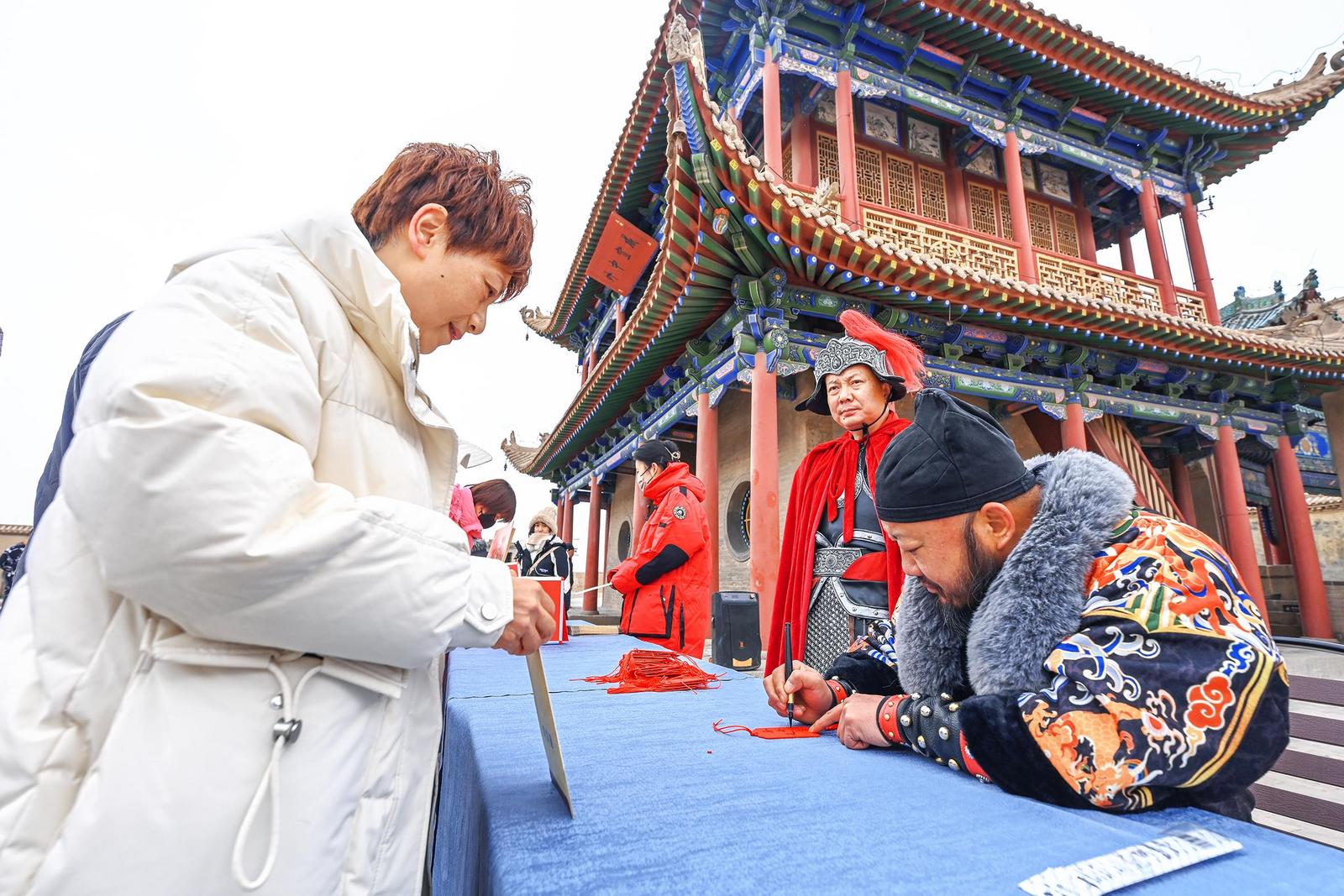 “關(guān)長(zhǎng)”為游客現(xiàn)場(chǎng)書(shū)寫“福”牌。
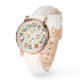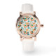 Diese Frauenuhr hat ein modernes Design aus konzentrischen Kreisen in Gold, Orange und Türkis auf weißem Hintergrund.
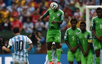I giocatori della barriera nigeriana hanno solo potuto osservare il pallone che saliva sopra le loro teste -
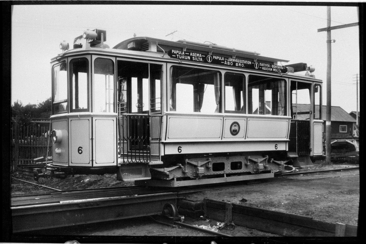 Leveransbild på Viipurin Kaupungin Sähkölaitos, VKS spårvagn 6. Bilden är tagen då Viborg fortfarande tillhörde Finland.
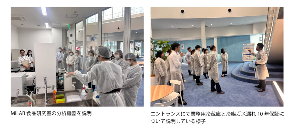 当日は、当社の各種厨房機器が並ぶキッチンスペースや、グループ会社のタカハシガリレイのトンネルフリーザーが並ぶ食品工場研究室など、MILABの施設見学が行われました。また、当社のオープンイノベーションへの取り組みについても紹介し、参加者の関心を集めました。
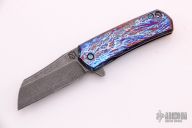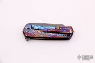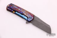 This Imp Framelock Flipper by NCC Knives features a stonewashed blade with milled bevels. The handle has a Ragnarök anodized titanium frame with anodized titanium hardware and tip up clip with hidden screws. Comes with original box. New from maker at the 2021 ICCE show.
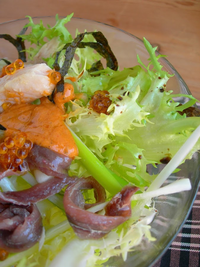 Eso sí, si estás a dieta, sustituye la salsa por una simple vinagreta..que no todas las ensaladas son de dieta ;)
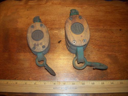 ANTIQUE FARM TOOL HOIST BLOCK AND TACKLE U-W 3-PB SET OF 2 PULLEY
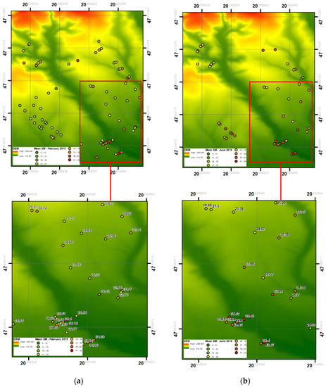 Two images are presented in Figure 6 to visually study the sensor values having the DEM as a background to both images. The image from February 2019 represents a dry period, while June 2019 shows the wet conditions. The dry values occur mainly in the northern part of the images, because of the water seepage downward following the southern sloping nature of the pilot area. In the dry period, the valleys are drier, because their texture is coarser, loamy, and sandy, which retains much less moisture than the clayey material of the plateaus. In contrary, the wet period shows a different picture. The valley bottom becomes wetter due to the accumulating water from the surface runoff. At the same time, the plateaus stay a little bit drier due to the slow and limited infiltration into the clayey material. However, there is some indifferent unexplained variability of the measured values that do not match the overall terrain and soil trends. These are due to short-range micro terrain variability not shown by the DEM or to the differences in the soil properties that we could not map at this scale. This unexplained variability ranges between the 3% and 10% absolute value, with an average of around 5%, which remains unexplained by our models as well, the RMSE for the models, which were found to be in the same range.
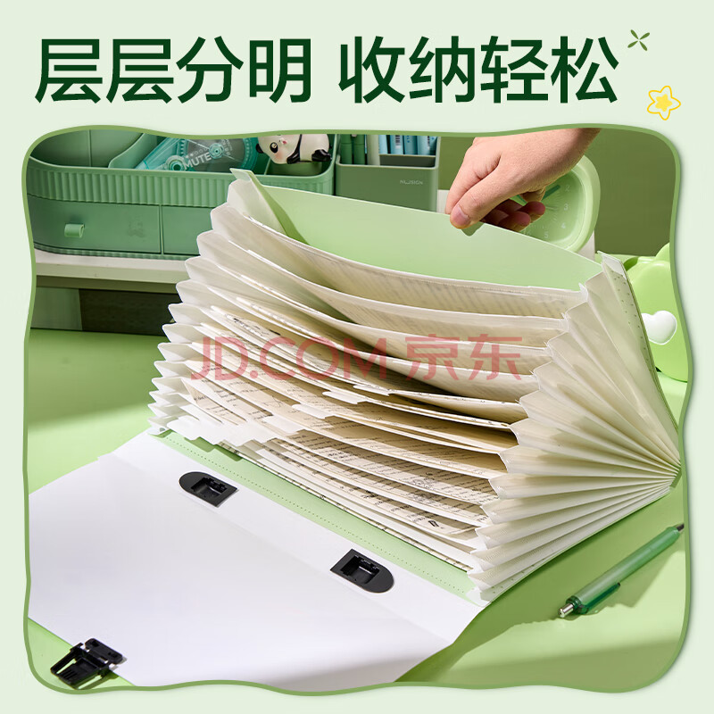 商品相册:得力(deli)13格A4手提风琴包学生试卷收纳文件夹 熊猫活页袋/莫兰迪资料文件保护小学初高中颜色随机 72566第
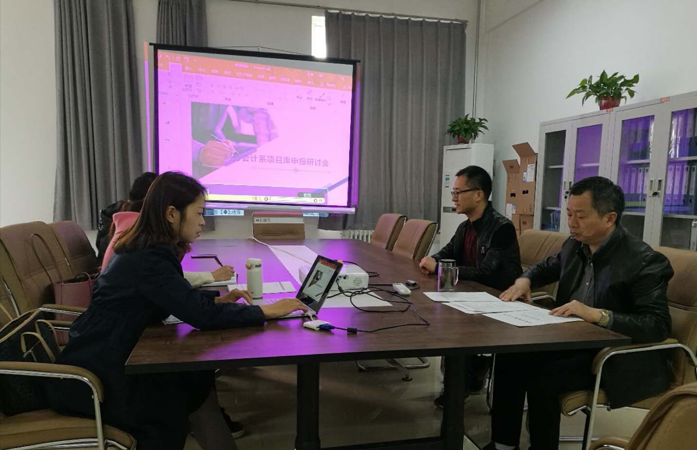 3月28日下午,财务会计系在校企合作工作室召开2019年度高职院校项目库申报专题会议,安排部署建立高等职业教育项目库工作。会计系主任谢桦教授出席并主持,教研室主任李锐、赵瑞、程金凤老师和实训中心主任刘阿千老师参加了会议。
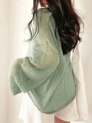 كنزة صوفية كاجوال بياقة مستديرة وأكمام طويلة ضيفة وحياكة فضفاضة بلون واحد
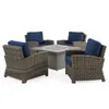 The Sonoma Collection is a casual outdoor patio collection designed with wicker consisting of shades of dark brown and light brown for a contemporary blend suitable for almost any outdoor space. This 5 piece chat set is handwoven with 16mm half round PE synthetic strands of resin wicker over a fully welded, handmade aluminum frame. Each piece features a multi-step powder-coated finish and supported inner walls, making it built for outdoor performance. The club chairs feature gently curved, wide arms and the feet are a continuation of the wicker frame. Paired with deluxe Sunbrella® cushions set upon web seat suspension, this set is a great way to experience the ultimate comfort and style.

• • •

— TASK BRIEF —
Lines from the one above containing "This Imp Framelock" down to the one containing "كنزة صوفية كاجوال" should be transcribed exactly, with both ends kept and no pictures.

— SOLUTION TO THIS PROBLEM —
 This Imp Framelock Flipper by NCC Knives features a stonewashed blade with milled bevels. The handle has a Ragnarök anodized titanium frame with anodized titanium hardware and tip up clip with hidden screws. Comes with original box. New from maker at the 2021 ICCE show.
 Eso sí, si estás a dieta, sustituye la salsa por una simple vinagreta..que no todas las ensaladas son de dieta ;)
 ANTIQUE FARM TOOL HOIST BLOCK AND TACKLE U-W 3-PB SET OF 2 PULLEY
 Two images are presented in Figure 6 to visually study the sensor values having the DEM as a background to both images. The image from February 2019 represents a dry period, while June 2019 shows the wet conditions. The dry values occur mainly in the northern part of the images, because of the water seepage downward following the southern sloping nature of the pilot area. In the dry period, the valleys are drier, because their texture is coarser, loamy, and sandy, which retains much less moisture than the clayey material of the plateaus. In contrary, the wet period shows a different picture. The valley bottom becomes wetter due to the accumulating water from the surface runoff. At the same time, the plateaus stay a little bit drier due to the slow and limited infiltration into the clayey material. However, there is some indifferent unexplained variability of the measured values that do not match the overall terrain and soil trends. These are due to short-range micro terrain variability not shown by the DEM or to the differences in the soil properties that we could not map at this scale. This unexplained variability ranges between the 3% and 10% absolute value, with an average of around 5%, which remains unexplained by our models as well, the RMSE for the models, which were found to be in the same range.
 商品相册:得力(deli)13格A4手提风琴包学生试卷收纳文件夹 熊猫活页袋/莫兰迪资料文件保护小学初高中颜色随机 72566第
 3月28日下午,财务会计系在校企合作工作室召开2019年度高职院校项目库申报专题会议,安排部署建立高等职业教育项目库工作。会计系主任谢桦教授出席并主持,教研室主任李锐、赵瑞、程金凤老师和实训中心主任刘阿千老师参加了会议。
 كنزة صوفية كاجوال بياقة مستديرة وأكمام طويلة ضيفة وحياكة فضفاضة بلون واحد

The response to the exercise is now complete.